« Depuis la crise de 2008, l’industrie mondiale a soufflé sur les braises déjà brûlantes des inégalités »

Economie

Depuis le Forum économique mondial de Davos de 2009, la fortune de ses participants a explosé, en dépit des discours de bonne volonté, faisant le lit de la crise sociale, explique Philippe Escande, éditorialiste économique au « Monde ».

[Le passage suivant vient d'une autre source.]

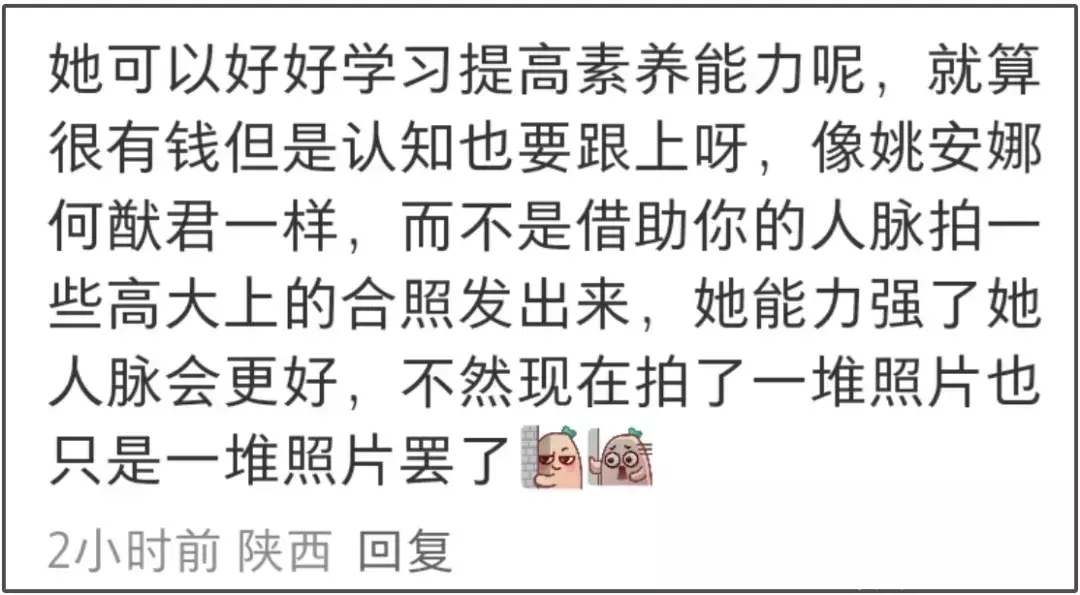 除了吐槽李湘崇洋媚外,也有网友开始质疑李湘对王诗龄的培养方式,越来越多人觉得,李湘带着女儿到处合照参加聚会,看似疼爱带着女儿接触各界名流见世面,但对王诗龄本人素养没有任何提升,仅仅是收获了一堆可以让她对外炫耀的照片罢了。

C’était il y a dix ans tout juste. Dans l’ambiance ouatée de la station alpine de Davos, au cœur de la Suisse, l’ambiance était morose. Le monde des affaires réuni en son forum annuel ne parlait que de la crise, survenue quatre mois plus tôt avec la faillite retentissante de la banque Lehman Brothers. Industriels et banquiers, au bord de la faillite, broyaient du noir en pensant à demain. Comme le rappelle opportunément l’agence Bloomberg, l’une des sessions s’intitulait : « Que peut faire l’industrie mondiale pour éviter un choc social ».

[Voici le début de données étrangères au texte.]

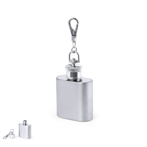 Práctico llavero petaca fabricado en acero inox, de 30 ml de capacidad. Tapón con cierre de seguridad a rosca y mosquetón giratorio. Presentado en caja de diseño kraft.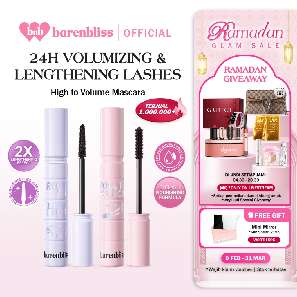[MUST HAVE] BNB barenbliss Roll To Volume & Roll To High Mascara 8g Maskara Tahan 24 Jam Volumizing Lengthening Waterproof Smudgeproof Sweatproof Tanpa Gumpal Bulu Mata Panjang Tebal & Lentik Dengan 4X Peptide Vitamin E Jojoba Oil bnb official store

L’industrie mondiale n’a rien fait et le choc social est là. Ou plutôt, elle a soufflé sur les braises déjà brûlantes des inégalités. Selon Bloomberg, la fortune de la douzaine des plus riches participants américains au forum de 2009, qui dissertaient savamment sur les risques du monde, s’est accrue de 175 milliards de dollars (154 milliards d’euros), quand celle du salaire médian du travailleur américain a stagné. Et les colères sociales qui en sont résultées, sous la forme de l’élection de Trump aux Etats-Unis, du Brexit en Grande-Bretagne ou des « gilets jaunes » en France, n’ont manifestement pas atténué le phénomène. Ainsi, le salaire du premier banquier américain, Jamie Dimon, le patron de JP Morgan Chase, a dépassé les 30 millions de dollars en 2018, soit 5 % de plus que l’année précédente. Plus que la croissance du salaire de ses propres employés. Au total, la fortune de Dimon a été multipliée par six depuis ce fameux Davos de 2009.

Un sentiment d’abandon

Décidément, Carlos Ghosn aurait dû être banquier américain. Il aurait peut-être été moins tenté de jongler avec les filiales étrangères pour arrondir ses fins de mois. Il aurait pu tout aussi bien travailler chez Disney. Son PDG Bob Iger, réputé proche des démocrates, a reçu en 2018 un paquet financier de 65 millions de dollars dont la moitié en action. De quoi voir venir. Cette situation générale est le résultat de la croissance exceptionnelle de Wall Street ces dix dernières années et du redressement de l’économie américaine portée par une politique de taux très bas.

On a longtemps cru à Davos que le problème, ce n’était pas les riches, mais les pauvres. Et que si les milliardaires s’en occupaient, les malheurs du monde seraient résolus. Mais l’accroissement de l’écart entre la classe moyenne et la supérieure, la déqualification des emplois et le blocage de la mobilité sociale (et donc la reproduction endogène des élites) ont plongé une bonne part de la population des pays développés dans un sentiment d’abandon et de rancœur propice à toutes les aventures politiques. Les bons sentiments dispensés chaque année dans la petite station des Grisons sont restés lettre morte. Et aujourd’hui, les leaders politiques occupés à régler leurs crises internes ont déserté les Alpes laissant seuls ceux que le chanteur Bono du groupe U2 avait appelés les « fat cat in the snow ». Des gros chats dans la neige qui dissertent confortablement sur le bien de la planète mais ne font rien pour modifier des comportements dont nous n’avons pas fini de mesurer les conséquences politiques.